I read this story on FARK, and you can read the comments other people wrote here (there are 200+).


----------



## SafetyPro2 (Aug 4, 2004)

I'd have waited for the ambulance. Even when the water breaks, there's usually still a significant period of time before the baby's born. It can happen quickly (especially after the first pregnancy) but more often than not you're going to have time to take a little caution.

My thoughts always been that if an injury or medical condition is serious enough that you feel the need to break traffic laws driving to the hospital, you should call an ambulance, for several reasons. First, the person driving is generally going to be upset, maybe even panicking, and that makes for an unsafe driver. If there's an accident, you know have at least 2 or more other patients, and the original patient is now worse off...and treatment's delayed even longer. Second, while it may take a little time to get an ambulance on-scene, they'll be able to start any necessary treatment generally before you'd get to the hospital. Third, if the patient's that bad off, how's the driver going to get them into the ER? I've never seen it happen like in the movies where doctors and nurses come streaming outside when a patient arrives.

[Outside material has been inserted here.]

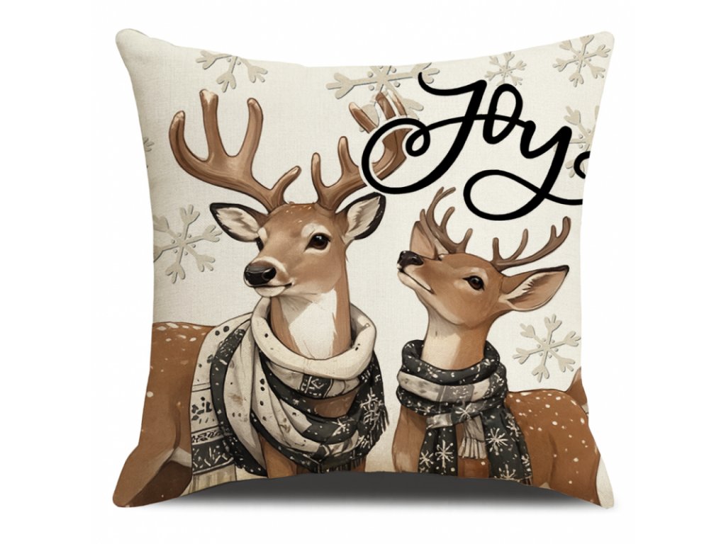 Vánoční povlak na polštář DEER JOY 45x45 cm, béžový
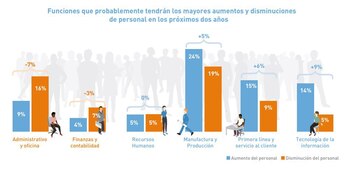 Pese al temor de pérdidas de trabajo por la automatización, el 86% de los empleadores planea mantener o aumentar su personal en los próximos años. Manufactura y Producción serán las industrias en las que habrá un mayor impacto, mientras que el trabajo administrativo y de oficina será el más reemplazable. En tanto, el 65% de las compañías que planea incrementar el personal en roles de Tecnología dice que la comunicación es la habilidad blanda más valorada.

Heck, when we pull up Code 3 with a full arrest, WE don't have anyone meet us at the door.


----------



## ffemt8978 (Aug 4, 2004)

Let's see here:

1) Childbirth is not an emergency, unless this was a high risk pregnancy (and we're not given enough information to determine that).

2) Emotionally distraught father is driving in heavy traffic, thinking he is handling an emergency.  NO lights, NO siren, NO training for emergency driving.  





> *"There's no exception that allows a motorist under stress to endanger the lives of themselves or others on the roadway," Perez said.*



3) 





> *"The first thought on my mind was what came out of my mouth. 'Turn on the lights, drive on the shoulder and go!'" Kathleen said. *


  This is a multi-vehicle accident waiting to happen.  If everybody did this, the number of accidents would increase dramatically.  Also, as emergency vehicle operators, we are not immune from liability if our actions cause an accident.  Could this family afford a mulit-million dollar lawsuit?

4) Father was issued a citation for disobeying a police officer, not for his driving.  If he would have remained with the officer, he would not have been cited.  By driving off, he also risked being charged with eluding.  The law is there for a reason, and it is not for an emotionally stressed family to decide whether or not they are going to obey the law and then complain about it when they're caught.

5) Waiting for the ambulance is a touchy subject, depending upon response times and distances from the hospital.  I will say this much, though.  An ambulance can provide treatment (and even deliver a baby) while in route to the hospital (unlike the couple in this article).

6) 





> *"Did he think he was helping? That flashing his lights and sirens and telling us to move over would help? I don't believe his mind was in the right place," Kathleen said.*


  Yes, because that is his JOB - to protect the public and enforce the laws.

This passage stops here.